Perl one-liner to check if number is prime

The following Perl one-liner is to show the abilities and power of Perl: in one single line we can tell from a number whether it is a prime or not.

perl -lne '(1x$_) !~ /^1?$|^(11+?)\1+$/ && print "$_ is prime"'

How it works? Let’s see step by step!

perl
Practical Extraction and Report Language

-l (line endings)
The -l switch silently removes the newline character (or whatever $/ is set to, as we will see below) from the end of each line of input, and silently adds a newline character to the end of each line of output. Note that the answers are all reduced by one because each line is shorter by one character: the newline at the end.

-n (implicit looping)
This option is shorthand for while(<>) { }. It wraps your code inside the loop as shown below:

while(<>) {
    # perl code
}

-e (execute, inline scripting)
Execute Perl code in command line itself.

(1x$_)
The number is converted into its unary representation. Say, 6 is converted into 1×6 which is 111111, (1 repeated 6 times).

!~
This operator is the opposite of the =~ operator. Test the previously given unary representation against the following regular expression. If it does not match, the number is a
prime; otherwise it’s a composite (so returns true, if the regular expression does not match).

/^1?$|^(11+?)\1+$/
Regular expression between two slashes ( / ). Consists of two parts separated by | as an OR operator. Let’s see the two parts of the regex separately!

^1?$
The part between ^ and $ signs will be tested from the beginning to the end of the string.
The ? is a metacharacter, which matches the preceding element zero or one time.
Therefor this part of the regex (^1?$) matches 1, or empty string. Since the empty string and 1 are not prime numbers, this part of the regular expression discards them.

^(11+?)\1+$
determines whether two or more 1s repeatedly make up the whole number. If so, the regular expression matches, which means the number is a composite. If not, it’s a prime.

Explanation
Now consider how the second part of the regular expression would act on the number 5. The number 5 in unary is 11111, so the (11+?) matches the first two 1s, the back-reference \1 becomes 11, and the whole regular expression now becomes ^11(11)+$.
Because it can’t match five 1s, it fails. Next, it attempts to match the first three 1s.
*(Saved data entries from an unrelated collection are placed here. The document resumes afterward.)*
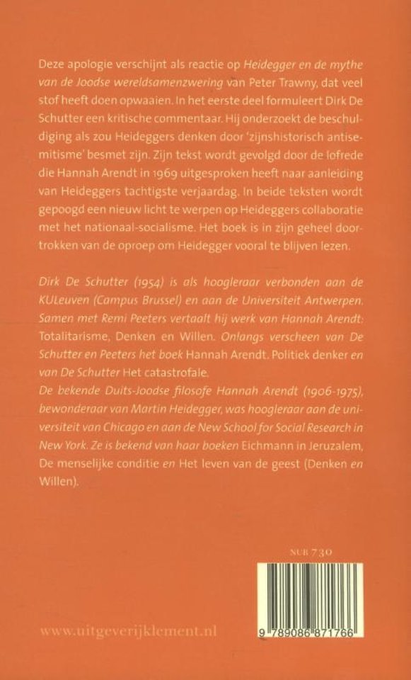 Deze apologie verschijnt als reactie op 'Heidegger en de mythe van de Joodse wereldsamenzwering' van Peter Trawny, dat veel stof heeft doen opwaaien. In het eerste deel formuleert Dirk De Schutter een kritische commentaar. Hij onderzoekt de beschuldiging als zou Heideggers denken door 'zijnshistorisch antisemitisme' besmet zijn. Zijn tekst wordt gevolgd door de lofrede die Hannah Arendt in 1969 uitgesproken heeft naar aanleiding van Heideggers tachtigste verjaardag. In beide teksten wordt gepoogd een nieuw licht te werpen op Heideggers collaboratie met het nationaal-socialisme. Het boek is in zijn geheel doortrokken van de oproep om Heidegger vooral te blijven lezen.
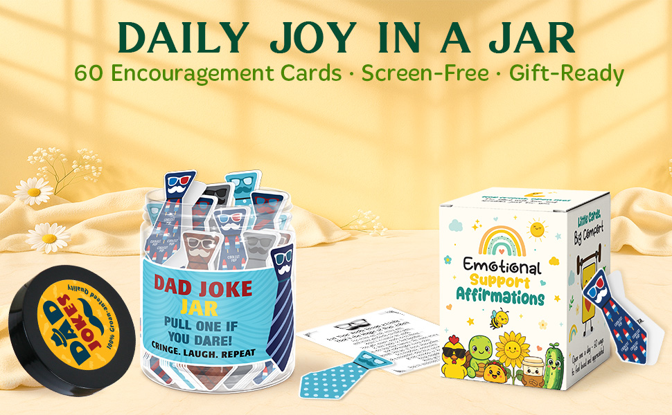 🎁PREMIUM QUALITY JAR & DURABLE DAD JOKE CARDS – This dad joke jar is crafted with a sturdy, reusable container and high-quality dad joke cards printed on thick cardstock to keep your daily dad jokes fresh for years. A perfect pick for dad joke gifts, funny dad jokes, dad jokes cards, and even funny gag gifts. Built to last ideal as a thoughtful dad jokes gift, funny dad birthday gifts, or cool things to buy for dad.
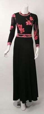 Black high-necked long sleeve bodice with bright pink tropical flowers, ankle length plain black jersey skirt.
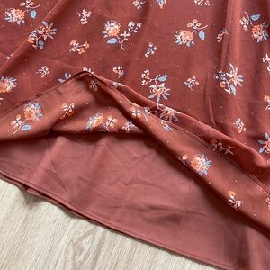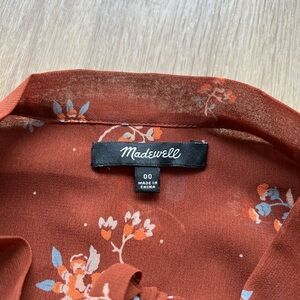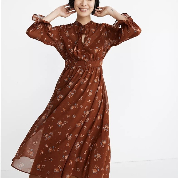 Madewell Midi Dress. called the “Georgette Tie-Neck Midi Dress in Forest Floral”. brown with a floral print. puff sleeves, prairie vibes. ties at the neck. in great condition!
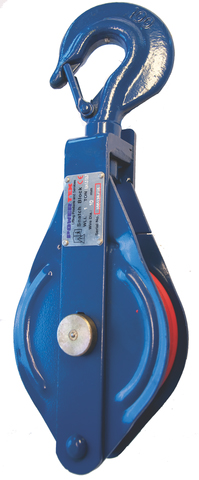 Kastblock för allmänna lyftändamål. Kan även användas för drag. Max last: 1500 kg. Max tråd Ø 13 mm. Skivans Ø 125 mm.

The back-reference becomes 111, and the whole regular expression becomes ^111(111)+$, which doesn’t match. The process repeats for 1111 and 11111, which also don’t match and as a result the entire regular expression doesn’t match and the number is a prime.

What about the number 4? The number 4 is 1111 in unary. The (11+?) matches the first two 1s. The back-reference \1 becomes 11, and the regular expression becomes ^11(11)+$, which matches the original string and confirms that the number is not prime.